*** Block opens ***

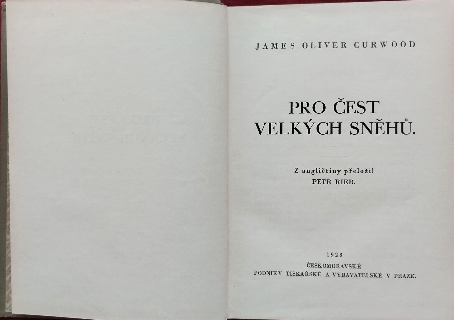 Kniha Pro čest velkých sněhů od autora Jamese Olivera Curwooda je dobrodružný román z prostředí ledového severu. Konkrétně se jedná o starší vydání z roku 1928, vydané nakladatelstvím Českomoravské podniky tiskařské a vydavatelské v Praze. Počet stran: 288, rozměr: 18 x 13,5 cm. Stav viz foto.
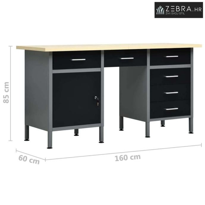 Izdržljivi radni stol ističe se velikim prostorom za pohranu i nosivošću od 500 kg. Velika i čvrsta stolna ploča pruža stabilnu platformu za sve popravke. Radni stol ima 6 ladica, što osigurava da možete dobro organizirati svoje alate, dijelove i pribor poput vijaka, čavala i ljepljive trake. Sve ladice opremljene su mehanizmom s kugličnim ležajem za glatko klizanje. Tu su 2 police s vratima koja se mogu zaključati, za jednostavno smještanje bušilica, bubnjeva s kabelom i brusilica. Uz to, noge se mogu podesiti po visini. Ova radna stanica izrađena je od vrhunskog čelika i konstruiranog drva, što je čini izuzetno čvrstom, izdržljivom i jednostavnom za čišćenje. Lako se sastavlja.
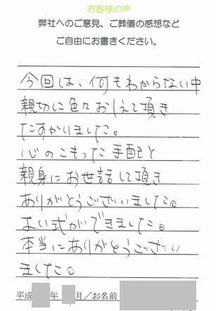 お便りが遅くなりまして申し訳ありません。先日はお世話になりまして有難うございました。電話の時から誠意ある対応をして頂きましたので、最初の不安がなくなり当日を迎えることが出来ました。私の要望にも快く引き受けて下さり細部にわたり、真心のご配慮をして頂けました事に感謝の持ちで一杯です。お蔭様で母と充分なお別れができましたし参列の方にも良い印象を持ってもらえました。何かの折には貴社様のお話をさせて頂こうと思います。
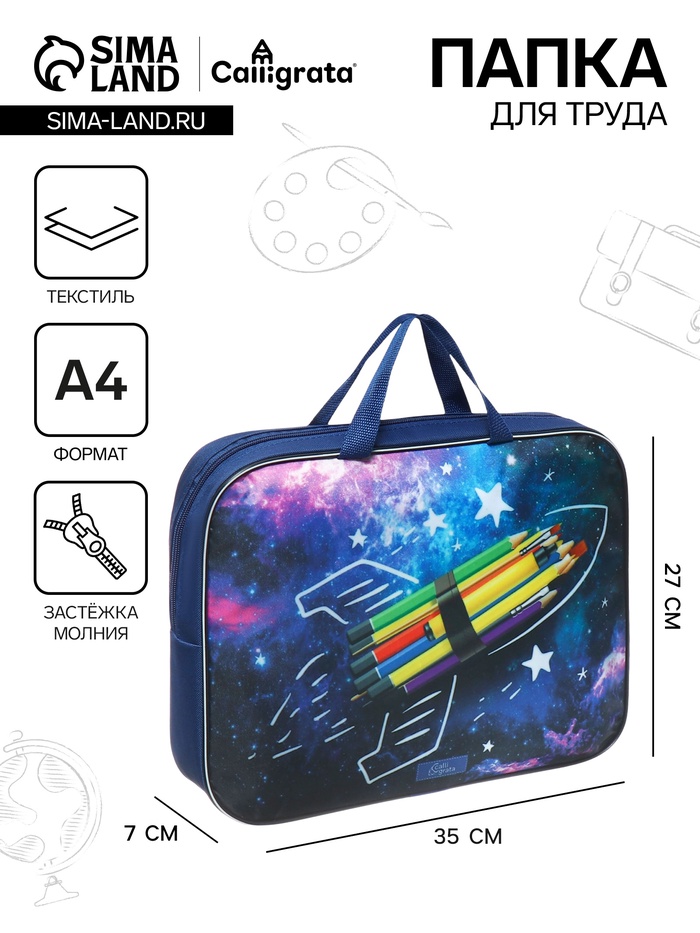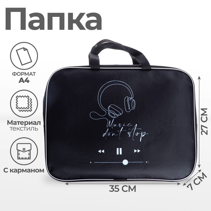 Папка текстильная на молнии с ручками, формат A4+. Размер 270 х 70 х 350 мм. Материал: износо-морозостойкий водоотталкивающий 100% полиэстер. Предназначена для транспортировки учебных принадлежностей, документов и различных аксессуаров. Имеет одно большое отделение с расширением и карманом внутри, застежка на молнии с мягким ходом. Для комфортной переноски ручки папки выполнены из прочной стропы
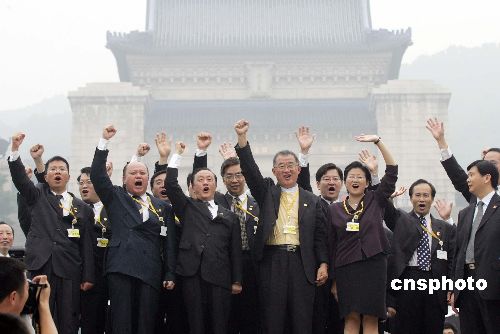 沿著三百九十二級臺階走下,郁慕明和訪問團成員不斷向周圍的人群揮手。走到中間,訪問團全體成員立定列隊,舉起右拳,反復(fù)高聲呼喊:“和平奮斗救中國!大家加油!”贏得南京市民一片熱烈的掌聲。
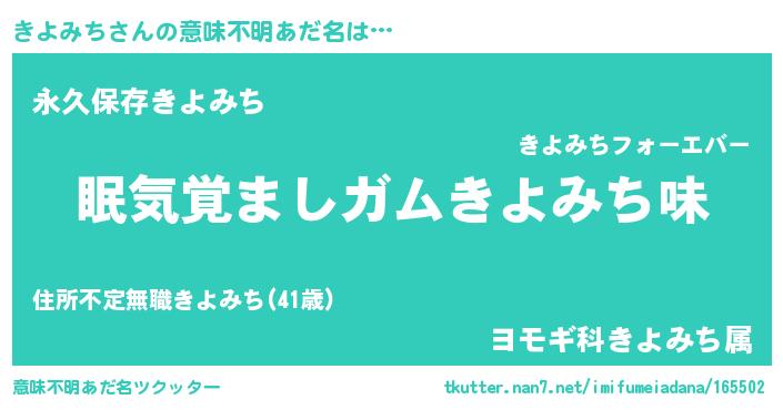 | ヘコむあだ名 | 『きよみち(笑)』『なまこ酢』 |
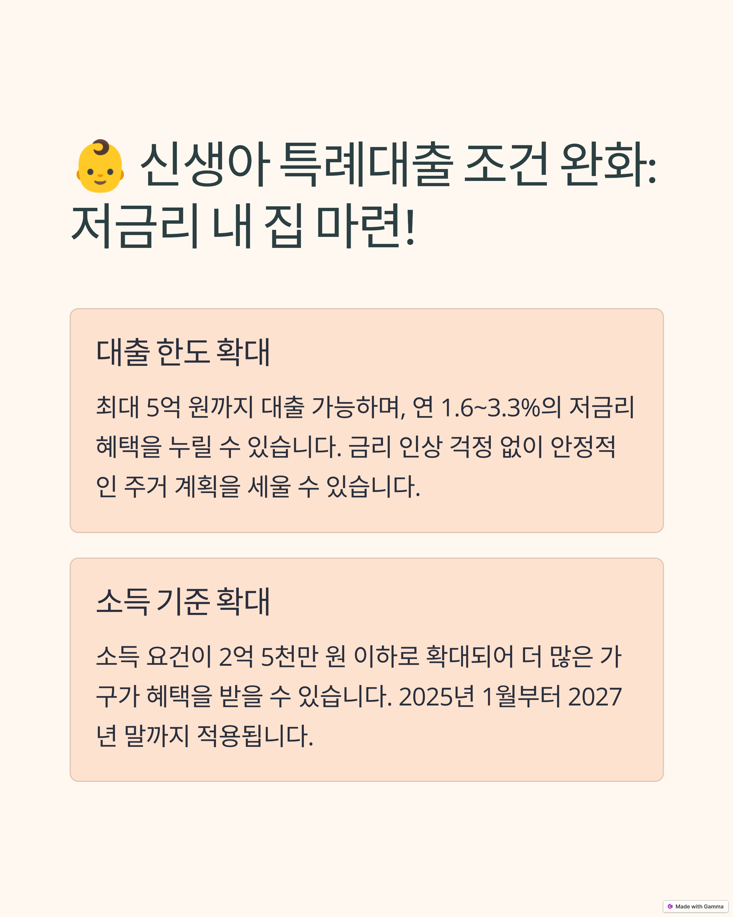 - 2025년부터는 소득 요건이 2억 5천만 원 이하로 확대되어 더 많은 가구가 혜택을 받을 수 있게 되었습니다.
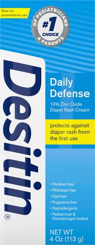 Specification: Desitin Daily Defense Baby Diaper Rash Cream with Zinc Oxide to Treat, Relieve & Prevent diaper rash, Hypoallergenic, Dye-, Phthalate- & Paraben-Free, 4 oz
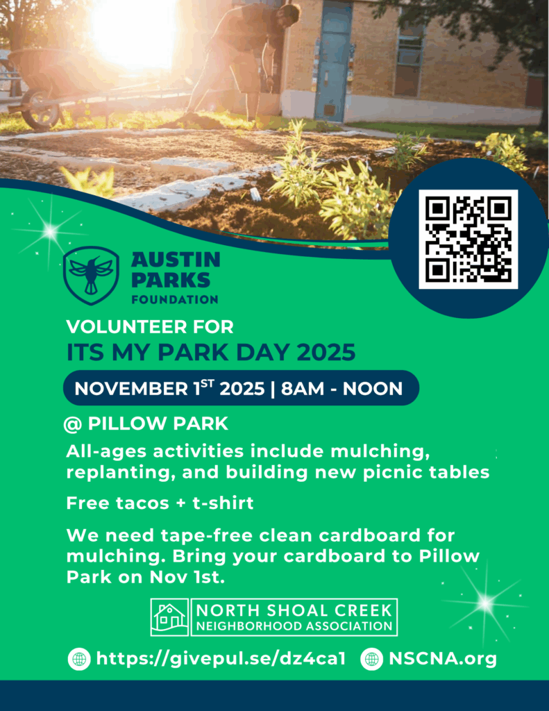 In 2020-2021 , through a collaboration between Westcave Preserve, AISD, and local ecologists, a series of new eco-educational landscape amenities were built around Pillow Park, including new paths, stone block seating circles, and a “sensory garden” path. Today, AISD is working with NSCNA to restore and maintain these gardens for the Pillow and North Shoal Creek communities. Come join us!

*** Block closes ***

**About this exercise:**
Copy back exactly the lines above from the one containing "- 2025년부터는 소득" through the one containing "Specification: Desitin Daily", and leave every picture behind.

**Solved problem:**
 - 2025년부터는 소득 요건이 2억 5천만 원 이하로 확대되어 더 많은 가구가 혜택을 받을 수 있게 되었습니다.
 Specification: Desitin Daily Defense Baby Diaper Rash Cream with Zinc Oxide to Treat, Relieve & Prevent diaper rash, Hypoallergenic, Dye-, Phthalate- & Paraben-Free, 4 oz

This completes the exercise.